Tracking Users Online — Part 3

Posted by & filed under , , .

Binary globeI’ve been lucky enough to get some time on my hands to put together a small release of the PixelServer project — and this is the post to accompany it.

If you’re familiar with my posts from this series (see the previous entry here btw), you know that the code is hosted on Github under https://github.com/liviutudor/PixelServer.

This is a minor release, so version number went up from 1.0.0 to 1.0.1 — as such the release tag is pixelserver-1.0.1 and you can fetch this release from Github using : https://github.com/liviutudor/PixelServer/releases/tag/pixelserver-1.0.1 .

One thing about this release — and others to come from now on: the project uses the Spring framework and for most things it uses version 4.0.5.RELEASE. As it turns out, starting with version 4.0, Spring framework relies on the version 3.0 of the Servlet API and since in this project I’m using 2.5, I’ve decided to use version 3.2.3 just for spring-test.
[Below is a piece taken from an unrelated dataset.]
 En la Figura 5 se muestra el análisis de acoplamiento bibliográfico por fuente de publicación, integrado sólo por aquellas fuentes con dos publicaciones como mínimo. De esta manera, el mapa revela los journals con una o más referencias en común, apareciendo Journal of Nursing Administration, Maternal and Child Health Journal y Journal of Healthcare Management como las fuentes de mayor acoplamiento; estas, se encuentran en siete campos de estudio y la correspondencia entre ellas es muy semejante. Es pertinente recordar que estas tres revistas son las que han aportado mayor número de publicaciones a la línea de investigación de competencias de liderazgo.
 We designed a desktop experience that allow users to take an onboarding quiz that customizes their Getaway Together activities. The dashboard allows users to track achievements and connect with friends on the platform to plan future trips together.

This way, this project can still be deployed in Tomcat 6 or other containers not using Servlet API 3.0.

Also, as per note in the README file on Github, starting with this version, the build relies on JDK7 and above since it uses the try-with-resources syntax for loading the pixel image. My recommendation is still that you use Java 8 for this project, but if you can’t, you have to at least use JDK7 from this version.

In This Version

Apart from introducing some unit tests (always good to actually ensure your changes don’t break anything, right? 😉 ) this code introduces only one minor change related to content caching — and below I’m talking a bit about why this was needed.
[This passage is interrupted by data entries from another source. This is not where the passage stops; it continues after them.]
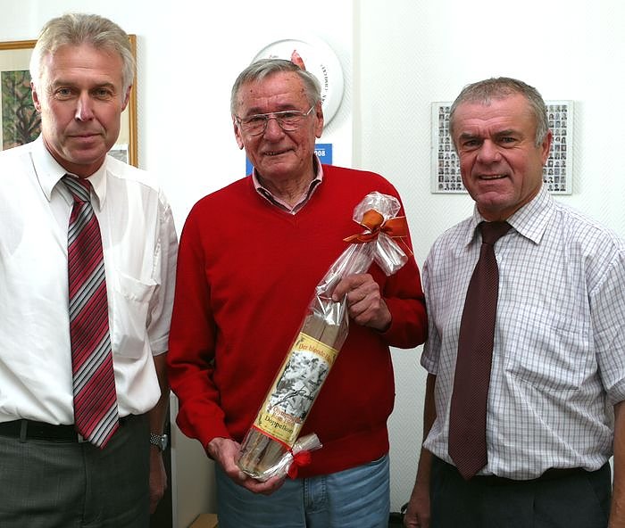 Auf seiner Heimreise nach Potsdam besuchte die Leichtathletik-Legende heute seine langjährigen Freunde Arndt Forberger und Hans-Joachim Junker. Letzterer hatte als Geschäftsführer der Nordbrand Nordhausen GmbH natürlich eine Überraschung parat. Zwei Flaschen mit edlem Nordhäuser Doppelkorn, die mit deren Etikett eine persönliche Widmung ziert.
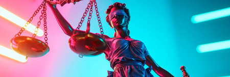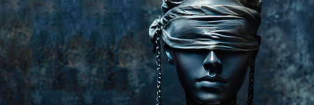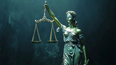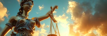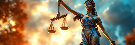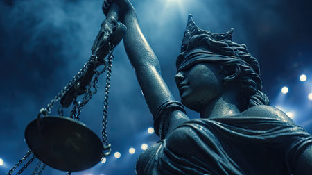 A close-up view depicts a statue of Lady Justice, blindfolded and holding scales high. The sculpture has a classical style, and the composition is dramatically lit. The scene suggests a symbolic representation of legal principles, possibly suitable for editorial or commercial applications.
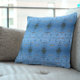 Un oreiller à projectile bleu esthétique avec un motif de surface de la côte orientale asiatique avec une pièce du poème visuel appelé "Scar Collector" qui a été initialement publié dans le volume I de la série Diamond Dust Poems From the Black Sea. Un oreiller à jetons rustique doté d'un design côtier bleu pour les propriétés balnéaires d'été ou d'inspiration océanique.
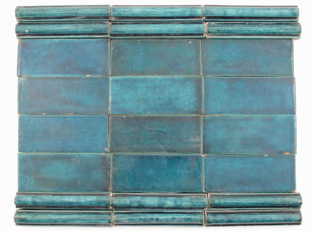 Twenty-four William De Morgan border tiles, rectangular, covered in a turquoise glaze, and fourteen rounded edge tiles glazed turquoise, impressed Merton Abbey and Early Fulham Period marks rectangular tiles 15.5 x 6.5cm.
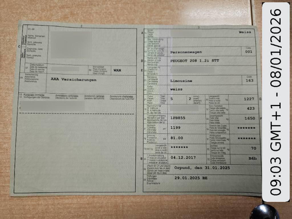| Fahrzeugausweis | Vorhanden |
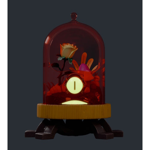Something isn’t right in the heart of the dark forest. The plants grow wild and wicked there, twisting the world around them. Be careful, you will be watched. Plastic cloche is removable. Eyes and Teeth glow in the dark.

If you recall in the previous version (1.0.0) we simply serve a 1×1 transparent pixel. That allows us to easily get on any web page without breaking layout or interfering with the colour scheme. The problem is, once we serve the image bytes to the browser, the browser now can decide to cache this — store this data locally and every time our pixel tag is encountered, to save on page loading time, rather than download the pixel again from our server the browser will use the data saved (cached) locally.

That of course is undesireable if you are tracking users online: once the browser caches your pixel then instead of placing a request to your server every time a user views the page, it will load the pixel locally so your server will not know of this visit (and this user!).

To prevent this, the servlet needs to inform the browser that the content it’s sending shouldn’t be cached. This is achieved via a bunch of HTTP headers. I say a bunch, because despite all the standards out there, each browser seems to have its own interpretation, as such, to be on the safe side, a servlet needs to send all the headers for all the browsers — to ensure that any visit, from any browser, will not be cached.

The typical 2 headers you will hear of when it comes to content caching are:

  • Expires: -1 — this declares the content served as already expired at the time served to the browser (thus forcing the browser not to cache it)
  • Cache-control: no-cache — this recommends that the browser doesn’t provide any caching. However, some browsers rely on a slightly different version of this header: Cache-control: must-revalidate. So to cater for both cases, we combine them into: Cache-control: no-cache,must-revalidate

We are adding an extra header in our application to this 2: Pragma: no-cache. This has been deprecated in HTTP/1.1 however, to cater for older HTTP clients it’s best to send this header too.

Once we send these 3 headers to the browser, we are certain that in most cases the browser will not cache the content (there’s probably some old clients, which cater for under 0.1% I dare to guess, which might still ignore these headers but we’re not going to be concerned with those). Which means every single page our pixel is on we are guaranteed to get a call to our server and as such be able to track the user.

As per usual, keep an eye out on Github for future versions and improvements of this project — and of course the post on my blog for each one to explain the changes.